*What is required*
Give back every record below word for word, with the pictures omitted.

Saved data entries:
********
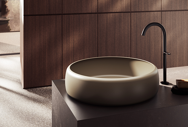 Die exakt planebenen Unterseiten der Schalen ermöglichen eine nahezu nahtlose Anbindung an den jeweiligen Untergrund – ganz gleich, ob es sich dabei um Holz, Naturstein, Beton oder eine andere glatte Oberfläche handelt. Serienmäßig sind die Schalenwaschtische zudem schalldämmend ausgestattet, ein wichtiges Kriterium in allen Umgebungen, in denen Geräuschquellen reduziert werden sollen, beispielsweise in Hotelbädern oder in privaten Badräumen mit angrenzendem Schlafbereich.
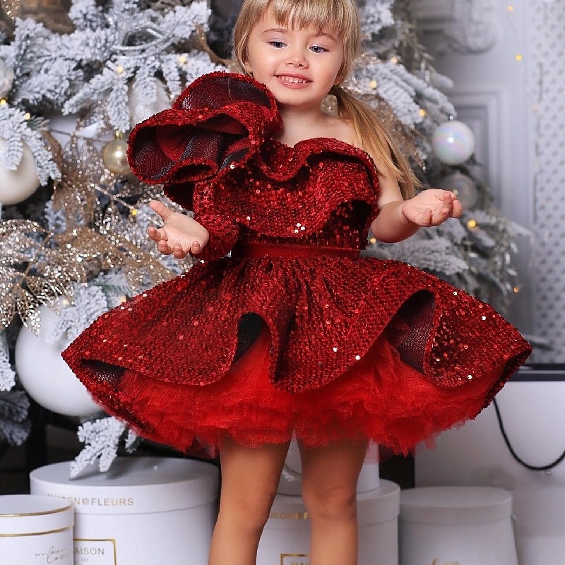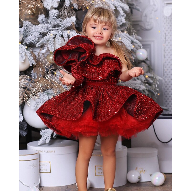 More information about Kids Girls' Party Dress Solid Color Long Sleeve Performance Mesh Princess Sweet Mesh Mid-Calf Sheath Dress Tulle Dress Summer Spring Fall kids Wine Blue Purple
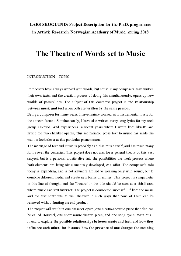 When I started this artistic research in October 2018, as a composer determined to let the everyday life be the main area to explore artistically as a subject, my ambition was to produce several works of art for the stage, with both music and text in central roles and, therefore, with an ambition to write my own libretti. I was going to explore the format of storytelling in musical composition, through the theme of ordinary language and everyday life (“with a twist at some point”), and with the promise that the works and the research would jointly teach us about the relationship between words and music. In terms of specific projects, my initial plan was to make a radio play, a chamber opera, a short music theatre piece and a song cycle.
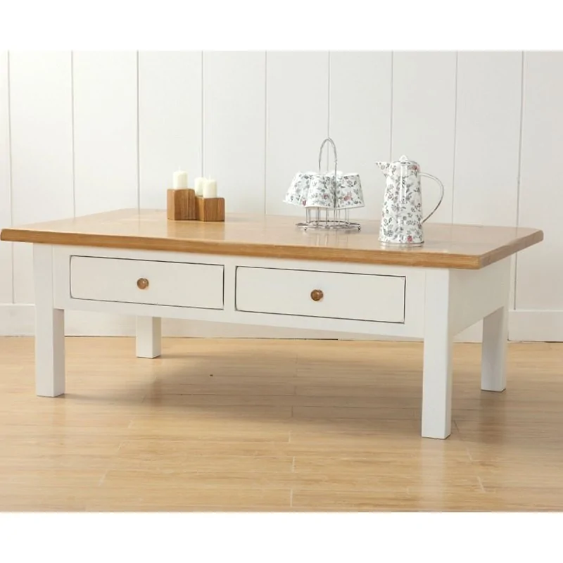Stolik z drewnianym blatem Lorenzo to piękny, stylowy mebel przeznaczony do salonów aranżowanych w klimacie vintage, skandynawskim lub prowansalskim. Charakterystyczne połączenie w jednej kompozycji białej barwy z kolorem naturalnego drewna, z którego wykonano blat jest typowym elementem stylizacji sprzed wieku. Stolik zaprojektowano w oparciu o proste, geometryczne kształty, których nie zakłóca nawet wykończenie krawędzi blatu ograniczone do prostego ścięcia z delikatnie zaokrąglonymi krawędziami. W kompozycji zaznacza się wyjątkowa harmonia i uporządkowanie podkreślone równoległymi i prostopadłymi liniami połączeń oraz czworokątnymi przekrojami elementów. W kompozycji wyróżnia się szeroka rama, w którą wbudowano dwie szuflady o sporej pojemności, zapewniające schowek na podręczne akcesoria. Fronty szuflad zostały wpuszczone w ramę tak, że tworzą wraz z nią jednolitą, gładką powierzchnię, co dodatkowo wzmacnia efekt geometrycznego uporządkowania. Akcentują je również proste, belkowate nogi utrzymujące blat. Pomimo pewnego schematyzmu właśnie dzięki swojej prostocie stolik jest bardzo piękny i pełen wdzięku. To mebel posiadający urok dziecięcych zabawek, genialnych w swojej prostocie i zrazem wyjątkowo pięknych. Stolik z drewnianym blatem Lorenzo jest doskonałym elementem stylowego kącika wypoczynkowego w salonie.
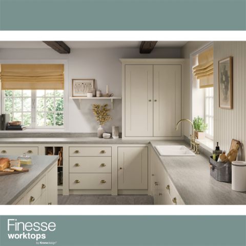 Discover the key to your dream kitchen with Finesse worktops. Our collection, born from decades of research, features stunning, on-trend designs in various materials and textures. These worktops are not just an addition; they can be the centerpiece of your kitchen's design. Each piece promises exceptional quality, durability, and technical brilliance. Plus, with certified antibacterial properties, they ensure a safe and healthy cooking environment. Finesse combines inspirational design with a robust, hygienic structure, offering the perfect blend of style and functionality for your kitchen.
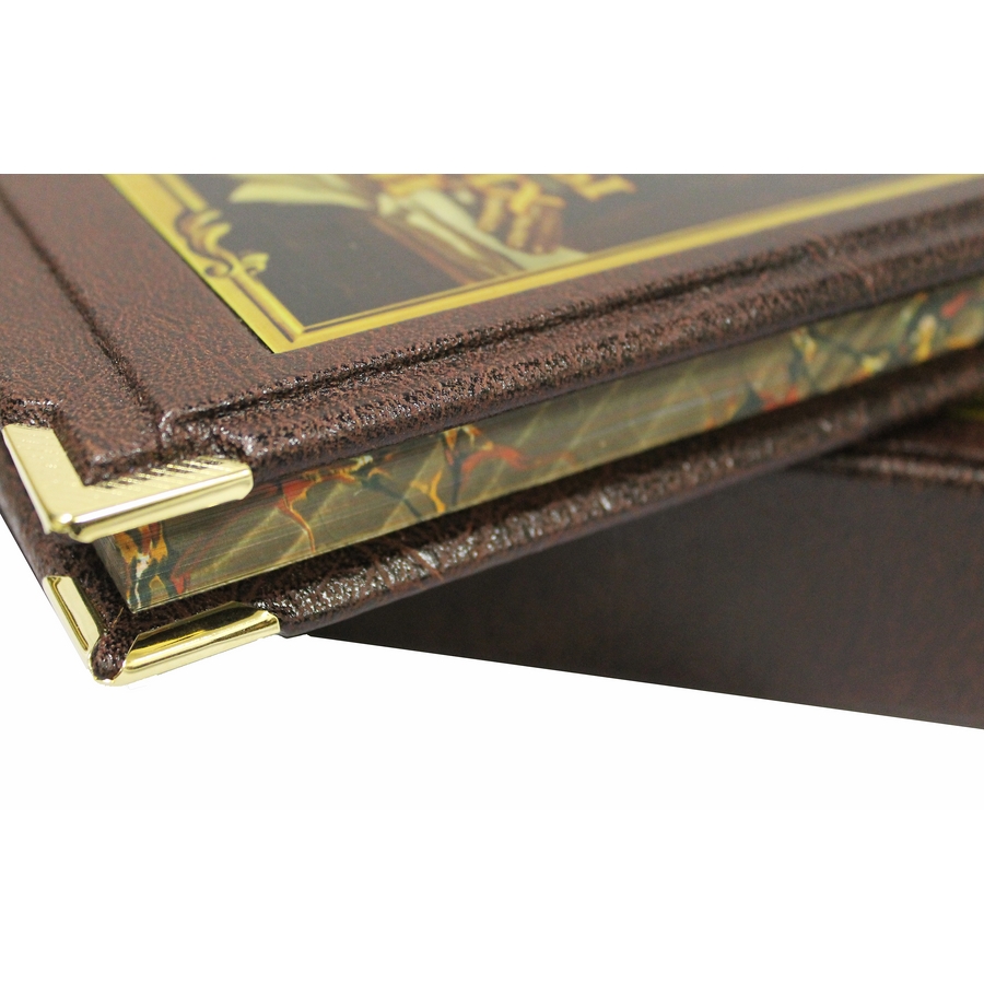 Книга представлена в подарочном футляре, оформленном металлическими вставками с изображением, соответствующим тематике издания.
********
*Answer section*
 Die exakt planebenen Unterseiten der Schalen ermöglichen eine nahezu nahtlose Anbindung an den jeweiligen Untergrund – ganz gleich, ob es sich dabei um Holz, Naturstein, Beton oder eine andere glatte Oberfläche handelt. Serienmäßig sind die Schalenwaschtische zudem schalldämmend ausgestattet, ein wichtiges Kriterium in allen Umgebungen, in denen Geräuschquellen reduziert werden sollen, beispielsweise in Hotelbädern oder in privaten Badräumen mit angrenzendem Schlafbereich.
 More information about Kids Girls' Party Dress Solid Color Long Sleeve Performance Mesh Princess Sweet Mesh Mid-Calf Sheath Dress Tulle Dress Summer Spring Fall kids Wine Blue Purple
 When I started this artistic research in October 2018, as a composer determined to let the everyday life be the main area to explore artistically as a subject, my ambition was to produce several works of art for the stage, with both music and text in central roles and, therefore, with an ambition to write my own libretti. I was going to explore the format of storytelling in musical composition, through the theme of ordinary language and everyday life (“with a twist at some point”), and with the promise that the works and the research would jointly teach us about the relationship between words and music. In terms of specific projects, my initial plan was to make a radio play, a chamber opera, a short music theatre piece and a song cycle.
Stolik z drewnianym blatem Lorenzo to piękny, stylowy mebel przeznaczony do salonów aranżowanych w klimacie vintage, skandynawskim lub prowansalskim. Charakterystyczne połączenie w jednej kompozycji białej barwy z kolorem naturalnego drewna, z którego wykonano blat jest typowym elementem stylizacji sprzed wieku. Stolik zaprojektowano w oparciu o proste, geometryczne kształty, których nie zakłóca nawet wykończenie krawędzi blatu ograniczone do prostego ścięcia z delikatnie zaokrąglonymi krawędziami. W kompozycji zaznacza się wyjątkowa harmonia i uporządkowanie podkreślone równoległymi i prostopadłymi liniami połączeń oraz czworokątnymi przekrojami elementów. W kompozycji wyróżnia się szeroka rama, w którą wbudowano dwie szuflady o sporej pojemności, zapewniające schowek na podręczne akcesoria. Fronty szuflad zostały wpuszczone w ramę tak, że tworzą wraz z nią jednolitą, gładką powierzchnię, co dodatkowo wzmacnia efekt geometrycznego uporządkowania. Akcentują je również proste, belkowate nogi utrzymujące blat. Pomimo pewnego schematyzmu właśnie dzięki swojej prostocie stolik jest bardzo piękny i pełen wdzięku. To mebel posiadający urok dziecięcych zabawek, genialnych w swojej prostocie i zrazem wyjątkowo pięknych. Stolik z drewnianym blatem Lorenzo jest doskonałym elementem stylowego kącika wypoczynkowego w salonie.
 Discover the key to your dream kitchen with Finesse worktops. Our collection, born from decades of research, features stunning, on-trend designs in various materials and textures. These worktops are not just an addition; they can be the centerpiece of your kitchen's design. Each piece promises exceptional quality, durability, and technical brilliance. Plus, with certified antibacterial properties, they ensure a safe and healthy cooking environment. Finesse combines inspirational design with a robust, hygienic structure, offering the perfect blend of style and functionality for your kitchen.
 Книга представлена в подарочном футляре, оформленном металлическими вставками с изображением, соответствующим тематике издания.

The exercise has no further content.